§ **RECORDS**
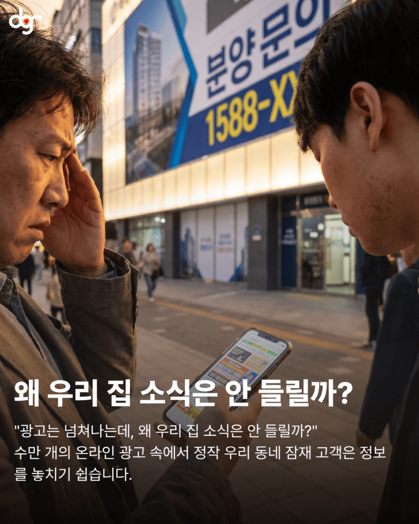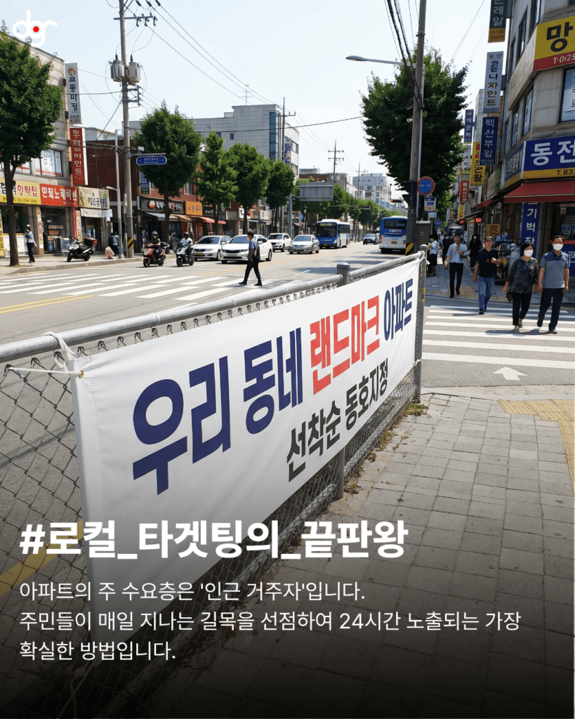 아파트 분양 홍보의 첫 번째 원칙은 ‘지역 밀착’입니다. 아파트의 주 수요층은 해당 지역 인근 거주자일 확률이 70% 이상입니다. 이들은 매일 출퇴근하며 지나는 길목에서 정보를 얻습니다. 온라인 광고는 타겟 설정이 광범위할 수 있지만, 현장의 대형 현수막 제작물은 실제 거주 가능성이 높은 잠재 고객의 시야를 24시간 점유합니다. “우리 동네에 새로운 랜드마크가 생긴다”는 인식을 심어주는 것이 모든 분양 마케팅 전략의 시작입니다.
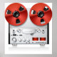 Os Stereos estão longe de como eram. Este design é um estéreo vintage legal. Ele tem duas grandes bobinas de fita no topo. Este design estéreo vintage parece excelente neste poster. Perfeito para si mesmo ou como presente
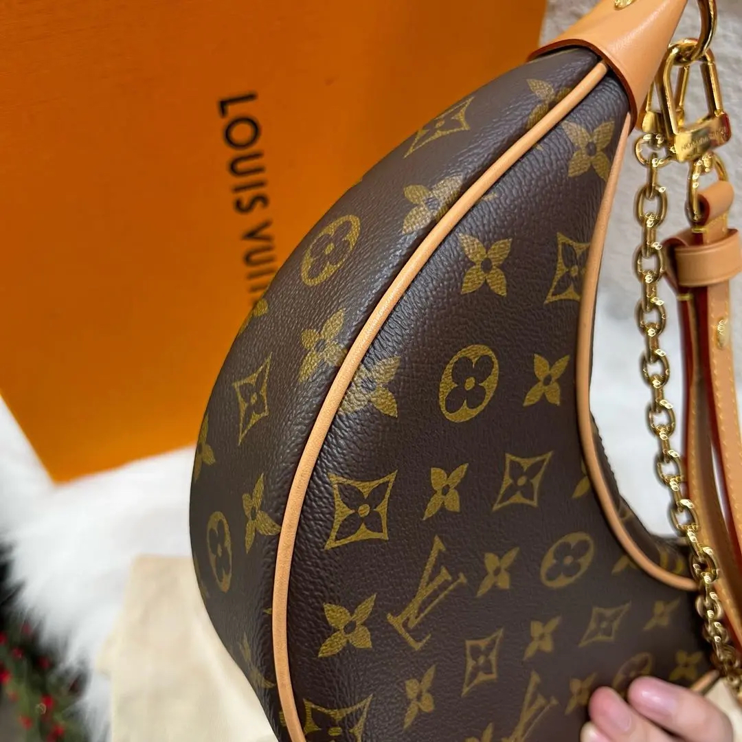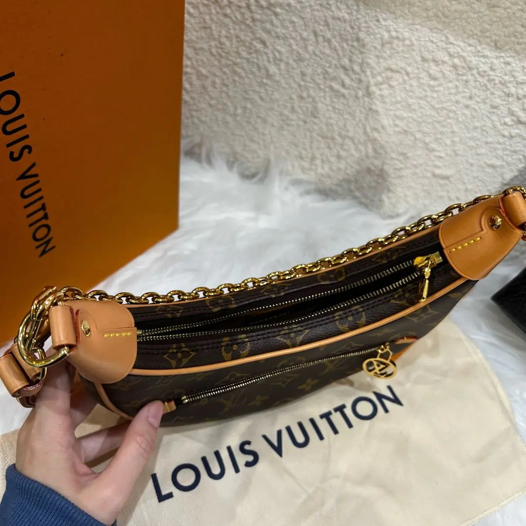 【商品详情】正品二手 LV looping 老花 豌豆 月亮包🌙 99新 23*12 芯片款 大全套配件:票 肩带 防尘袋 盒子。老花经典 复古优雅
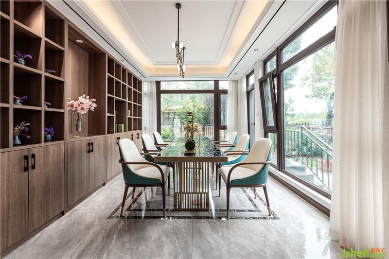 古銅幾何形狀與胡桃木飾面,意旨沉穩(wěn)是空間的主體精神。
...
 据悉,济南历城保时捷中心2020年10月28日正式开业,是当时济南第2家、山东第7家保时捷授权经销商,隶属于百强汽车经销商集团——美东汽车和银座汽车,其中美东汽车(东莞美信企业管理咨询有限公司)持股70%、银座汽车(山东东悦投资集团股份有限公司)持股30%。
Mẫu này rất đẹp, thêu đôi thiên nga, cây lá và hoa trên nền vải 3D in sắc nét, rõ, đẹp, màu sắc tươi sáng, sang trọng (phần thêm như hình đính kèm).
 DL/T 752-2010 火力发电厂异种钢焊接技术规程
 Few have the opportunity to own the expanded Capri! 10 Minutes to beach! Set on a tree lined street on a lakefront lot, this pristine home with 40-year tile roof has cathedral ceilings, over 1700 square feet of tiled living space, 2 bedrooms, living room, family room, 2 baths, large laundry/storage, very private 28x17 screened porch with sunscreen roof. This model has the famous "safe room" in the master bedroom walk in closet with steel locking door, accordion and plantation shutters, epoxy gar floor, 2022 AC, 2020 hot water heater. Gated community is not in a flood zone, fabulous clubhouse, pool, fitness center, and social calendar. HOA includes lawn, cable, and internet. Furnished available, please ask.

§ **TASK DIRECTIONS**
In the listing above, find the line with "据悉,济南历城保时捷中心20" and the line with "DL/T 752-2010 火力发电厂异种钢焊接技术规程". Output those two lines and every line between them, exactly as written.

§ **COMPLETED TASK**
 据悉,济南历城保时捷中心2020年10月28日正式开业,是当时济南第2家、山东第7家保时捷授权经销商,隶属于百强汽车经销商集团——美东汽车和银座汽车,其中美东汽车(东莞美信企业管理咨询有限公司)持股70%、银座汽车(山东东悦投资集团股份有限公司)持股30%。
Mẫu này rất đẹp, thêu đôi thiên nga, cây lá và hoa trên nền vải 3D in sắc nét, rõ, đẹp, màu sắc tươi sáng, sang trọng (phần thêm như hình đính kèm).
 DL/T 752-2010 火力发电厂异种钢焊接技术规程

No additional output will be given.